Births aren't evenly-distributed. The population segments that are having more
births now are the segments likely to have more births down the road. Death,
on the other hand, is much more evenly distributed, and the number of deaths
per year is directly related to population. As the population shrinks, you
have a smaller number of deaths, but births don't decrease as quickly.
Eventually, you hit a new equilibrium.

------
mynameishere
Eh. The people with a natural desire to have children will breed and pass on
their natural desire to have children. In the past, the desire for sex alone
was sufficient.

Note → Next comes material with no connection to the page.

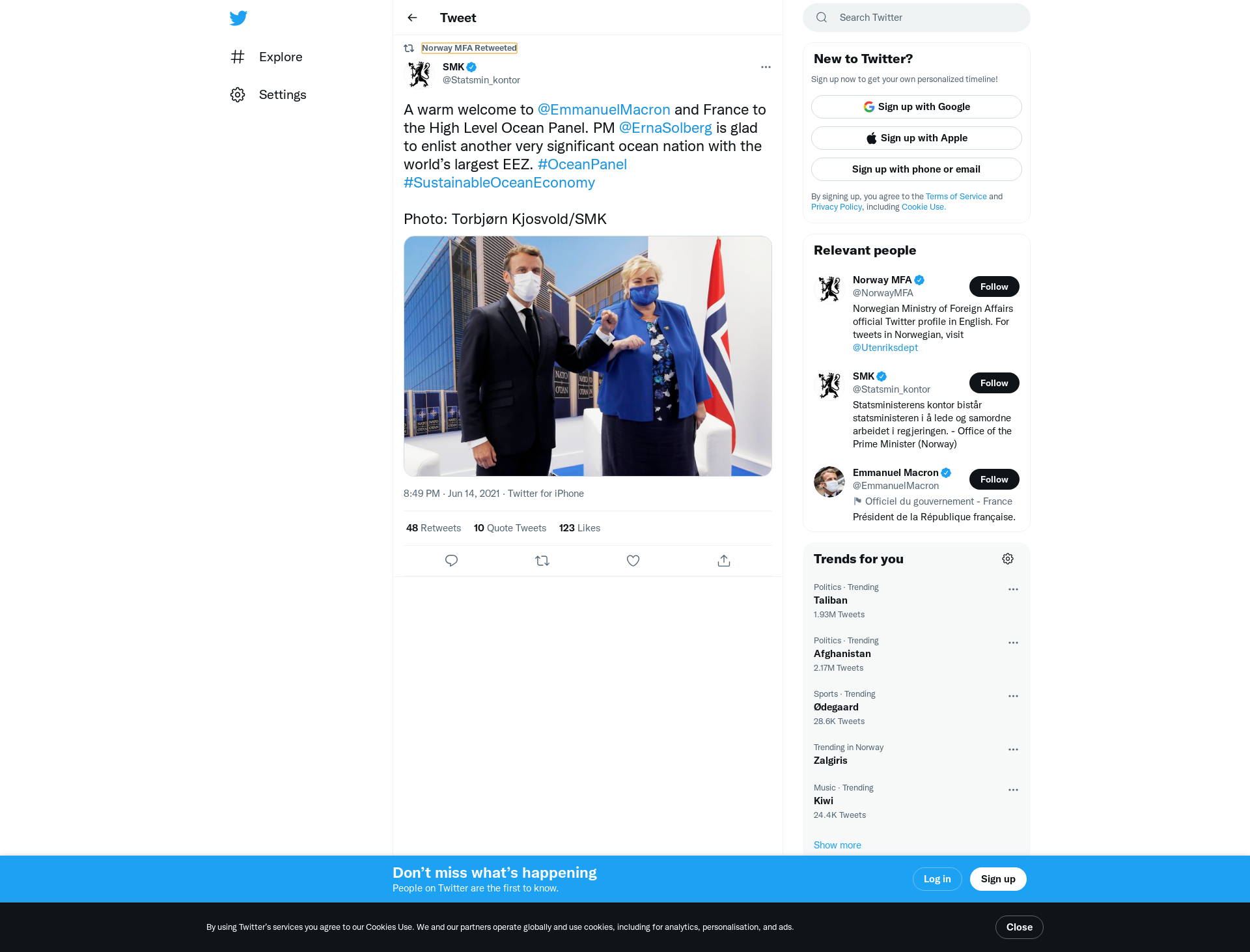 RT @Statsmin_kontor: A warm welcome to @EmmanuelMacron and France to the High Level Ocean Panel. PM @ErnaSolberg is glad to enlist another very significant ocean nation with the world’s largest EEZ. #OceanPanel #SustainableOceanEconomy

Those people will die out everywhere over the next decades...

------
catz
> To make matters worse, almost half of Russia’s treated tubercular cases over
> the past decade have been the variant known as extreme drug-resistant
> tuberculosis (XDR-TB). This can not be right. XDR (Extreme Drug Resistant
> TB) is fairly rare (definitely not 75,000 a year). Multiple Drug Resistant
> TB (MDR TB) is a lot more common. Most people with XDR TB die in a month.

>Russia’s patterns of death from injury and violence (by whatever provenance)
are so extreme and brutal that they invite comparison only with the most
tormented spots on the face of the planet today. The five places estimated to
be roughly in the same league as Russia as of 2002 were Angola, Burundi,
Congo, Liberia, and Sierra Leone.

Congo? Which one?

Russia's murder rate (while appalling) is below Colombia, South Africa,
Jamaica and Venezuela:.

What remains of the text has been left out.